Demand for cocoa beans in Europe has held relatively steady, despite the persistent increase in costs. European third-quarter cocoa processing data showed only a modest 0.9% decrease from the previous year.

Elsewhere however, the age-old adage that high prices are the cure for high prices seems to be coming true. Soaring cocoa prices are beginning to dampen global cocoa demand outside of Europe. According to the The National Confectioners Association, North American cocoa grindings in Q3 fell by a staggering -18% year-on-year, marking the fewest grindings for a Q3 in 15 years. A similar trend was observed in Asia, where Q3 cocoa grindings fell by -8.5% year-on-year.

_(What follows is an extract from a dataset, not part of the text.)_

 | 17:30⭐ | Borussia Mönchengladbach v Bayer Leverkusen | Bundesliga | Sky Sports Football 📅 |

The surge in cocoa prices has compelled major players in the cocoa industry to reassess their strategies. Mondelez International's CEO, Dirk Van de Put, has acknowledged in a recent interview with Bloomberg that the company will have to increase the prices of its end-products in response to rising cocoa and sugar costs. He even pointed out that shrinkflation, a tactic where product size is reduced while maintaining the same price, may not be sufficient to sustain current pricing levels.

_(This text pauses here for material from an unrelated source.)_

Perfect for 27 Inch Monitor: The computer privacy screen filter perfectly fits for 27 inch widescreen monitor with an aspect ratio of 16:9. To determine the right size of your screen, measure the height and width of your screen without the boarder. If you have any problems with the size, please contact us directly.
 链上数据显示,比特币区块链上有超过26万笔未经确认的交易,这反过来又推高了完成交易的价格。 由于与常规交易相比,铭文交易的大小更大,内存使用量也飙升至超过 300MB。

Continued price increases may create enough of a bitter taste in the mouths of consumers to dent chocolate demand enough to abate the price rally in time. While this process appears to be underway in America and Asia, the Q4 grind statistics will be a key indicator for cocoa demand in 2024.

Speculative Money Supporting Rally

A final piece of the puzzle to consider is the role of speculative money in driving up cocoa prices. With so many fundamental reasons underpinning the supply tightness and high pricing in cocoa, it is unsurprising that speculators have joined in on the rally. When speculators anticipate rising prices, they buy contracts, creating upward pressure on prices which can then be exacerbated by other traders following suit in herd behavior.

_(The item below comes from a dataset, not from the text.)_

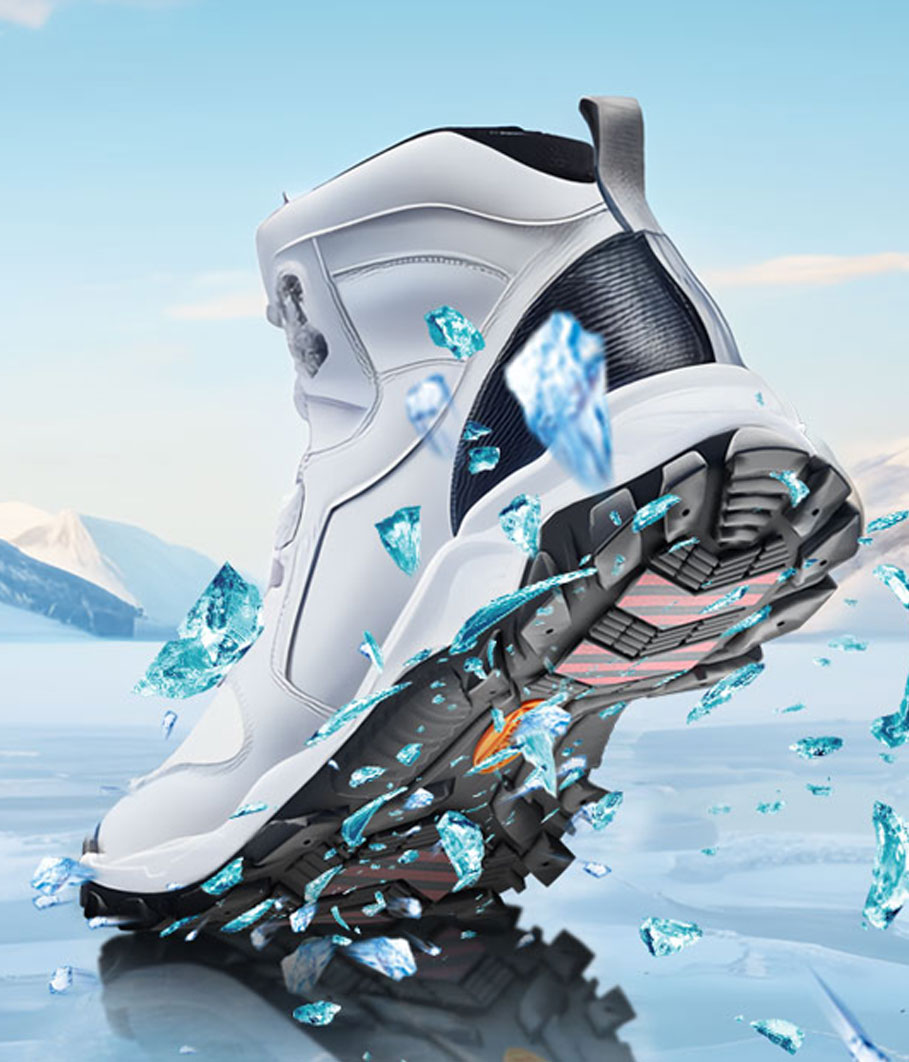 鑫銘冰面止滑技術(shù)Ice Brake,鞋底冰面上打滑,嚴(yán)重威脅穿著者的安全性和影響便利性。為了這一問(wèn)題,鑫銘研制出絕佳的解決方案:Ice Brake冰面止滑技術(shù)。

As shown in the graph below from ChAI Insight, Non-Commercial Long Positions have considerably outstripped Short Positions since Q1 of this year, with the correlation between Long Positions and Cocoa prices becoming increasingly strong since August. The delta between Long and Short positions could close quickly if there are concrete signs of improved supply or significantly reduced supply, but in the meantime it seems that the cocoa market will sustain or increase its current level.